Pharmacological activity of ethanolic extract of Alhagi maurorum roots

,
 Department of Chemistry, Faculty of Science, King Saud University, Riyadh, Saudi Arabia

*Corresponding author ms_marashdah@yahoo.com (M.S. Marashdah)

Received: , Accepted: ,
© The Author(s) 2009
Disclaimer:
This article was originally published by Elsevier and was migrated to Scientific Scholar after the change of Publisher.

Available online 23 December 2009

Abstract

The ethanolic extract (EE) of Ahagi maurorum powdered roots was examined for its pharmacological activity and showed the following results: (1) Administration of EE intraperitoneally into mice decreased the body temperature in a dose-dependent manner. The decreases ranged from 0.2 to 3.3 °C. (2) Treatment of the frog tissue with EE blocked the action of the neurotransmitter, acetyl choline (Ach). Thus, EE seemed to act as a skeletal muscle relaxant. (3) Intraperitoneal administration of EE into the anaesthetized rats decreased heart rate by 22.5%, thus, EE seemed to be a bradycardiogenic drug. (4) The extract induced relaxations to the guinea-pig ureter and suppressed histamine-induced spasms. It seemed to possess a spasmolytic action and a ureter relaxing action that can enhance getting rid of renal stones and relieve of the accompanying pain (contraction of the ureter). (5) The extract did not possess the property of enhancing dissolution of oxalate calculi.

Keywords

Alhagi Maurorum
Camel thorn
1

1 Introduction

Alhagi maurorum (Marashdah et al., 2006a,b, 2008; Mudawi et al., 2007) is used in folk medicine as a purgative, laxative, diaphoretic, expectorant and diuretic (Uphof, 1959; Chakravarty, 1976). Its flowers are used to treat piles, migraine, and warts. Oil from the leaves is used in the treatment of rheumatism (Brown, 1995). Locally, water extracts of its roots are used to enlarge the ureter and to remove kidney stones.

1.1

1.1 Instrumentation

The plant roots were powdered on Retsch GmbH mill model 5657 HAAN.

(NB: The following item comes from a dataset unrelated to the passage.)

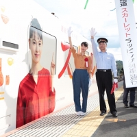 戸田恵梨香が29日、ヒロインを務める、NHK朝の連続テレビ小説『スカーレット』(9月30日スタート)の舞台、滋賀県甲賀市の信楽高原鐵道信楽駅でおこなわれた『スカーレットラッピング列車 出発式』に出席した。

Filtrations were done using Spectrum quantitative laboratory filter papers from Curtin Scientific Company, Huston, USA.

Centrifugations of the aqueous solutions were done on ECCD centrifugation machine.

Freeze dryings were done on Freeze-dryer Mobile 12 SL (The Virtis Company Gardiner, NY, USA.

2

2 Experimental

2.1

2.1 Plant material

The plant was collected from Riyadh region in Saudi Arabia in December 2008, and identified by Department of Botany and Microbiology, Faculty of Science; King Saud University, Riyadh. The roots were taken out, cleaned and dried in the shade for 2 weeks and then powdered.

2.2

2.2 Preparation of the extracts for biological activity tests

Of 100 g powdered roots were extracted with 500 ml of absolute ethanol under reflux for 2 h. The solution was filtered and the solvent was removed under vacuum distillation to give 3 g (3%) of reddish precipitate.

2.3

2.3 Standard procedures for biological activity tests of the extracts

The effects of the extract on mice rectal temperature were studied following the method described by Gray et al. (1987).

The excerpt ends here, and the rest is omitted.